USER_AGENT environment variable not set, consider setting it to identify your requests.


In [6]:
# 通过llm对文档进行摘要
import uuid
import os

from langchain_core.documents import Document
from langchain_core.output_parsers import StrOutputParser
from langchain_core.prompts import ChatPromptTemplate
from langchain.chat_models import init_chat_model, ChatOpenAI
from dotenv import load_dotenv

load_dotenv()


api_url = os.getenv('API_URL')
api_key = os.getenv('API_KEY')
model_name = os.getenv('MODEL')
llm = init_chat_model(
    model_provider="openai",  # 避免langchain根据模型名自动选择供应商
    model=model_name,
    # temperature=0.0,
    api_key=api_key,
    base_url=api_url,
)

In [7]:
chain = (
    {"doc": lambda x: x.page_content}
    | ChatPromptTemplate.from_template("Summarize the following document:\n\n{doc}")
    | llm
    | StrOutputParser()
)

summaries = chain.batch(docs, {"max_concurrency": 5})

In [9]:
# 使用摘要进行索引
from langchain.storage import InMemoryByteStore
from langchain_community.vectorstores import Chroma
from langchain.retrievers.multi_vector import MultiVectorRetriever
from ark_embedding import ArkEmbeddings


embd = ArkEmbeddings(
    model=os.getenv("ALIYUN_EMBEDDING_MODEL"),
    api_key=os.getenv("ALIYUN_API_KEY"),
    api_url=os.getenv("ALIYUN_API_URL"),
    batch_size=10
)
# 向量化并存储
vectorstore = Chroma(collection_name="summaries",
                     embedding_function=embd)
store = InMemoryByteStore()
id_key = "doc_id"

# 构建retriever, 通过id_key关联向量和doc
retriever = MultiVectorRetriever(
    vectorstore=vectorstore,
    byte_store=store,
    id_key=id_key,
)
doc_ids = [str(uuid.uuid4()) for _ in docs]

# 与摘要关联的doc
summary_docs = [
    Document(page_content=s, metadata={id_key: doc_ids[i]})
    for i, s in enumerate(summaries)
]

# 分别添加向量和文档
retriever.vectorstore.add_documents(summary_docs)
retriever.docstore.mset(list(zip(doc_ids, docs)))

  vectorstore = Chroma(collection_name="summaries",
  """Field proxy for building Where conditions with operator overloading.


In [10]:
# 匹配相似摘要
query = "Memory in agents"
sub_docs = vectorstore.similarity_search(query, k=1)
sub_docs[0]

Document(metadata={'doc_id': '625d221f-ab8e-48eb-866f-7dd58760a6d0'}, page_content='Of course. Here is a summary of the document "LLM Powered Autonomous Agents" by Lilian Weng.\n\n### Document Summary\n\nThis comprehensive blog post explores the architecture, components, and real-world applications of autonomous agents powered by Large Language Models (LLMs).
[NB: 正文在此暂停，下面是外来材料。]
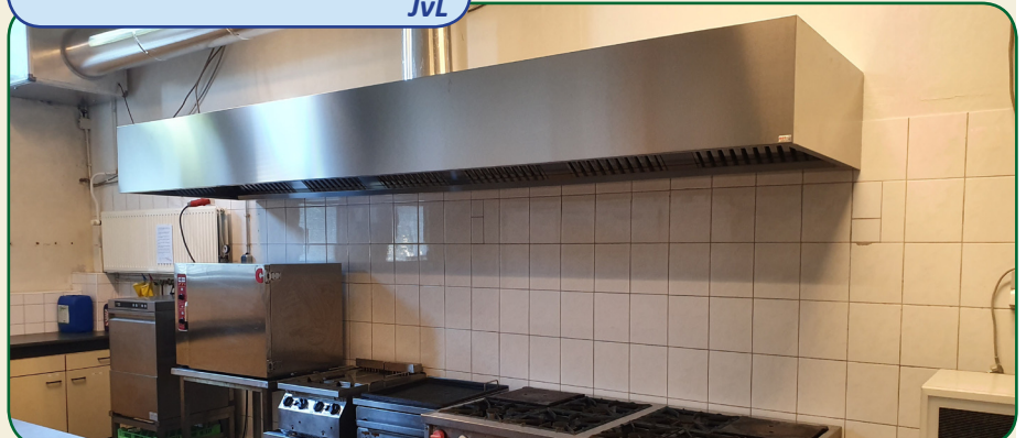
Een resultaat dat gezien mag worden!

It frames the LLM as the core "brain" of an agent system, which is augmented by three key components to overcome its inherent limitations.\n\n#### Core Components of an LLM Agent:\n\n1.  **Planning:** The agent breaks down complex tasks into smaller, manageable subgoals and can self-reflect to learn from mistakes.\n    *   **Task Decomposition:** Techniques like Chain-of-Thought (CoT) and Tree of Thoughts are used to break problems into steps.\n    *   **Self-Reflection:** Frameworks like **ReAct** (Reason + Act) and **Reflexion** allow the agent to critique its past actions, learn from failures, and refine its future strategy.\n\

In [11]:
# 通过匹配摘要，检索相似文档
retrieved_docs = retriever.get_relevant_documents(query, n_results=1)
retrieved_docs[0].page_content[0:500]

  retrieved_docs = retriever.get_relevant_documents(query, n_results=1)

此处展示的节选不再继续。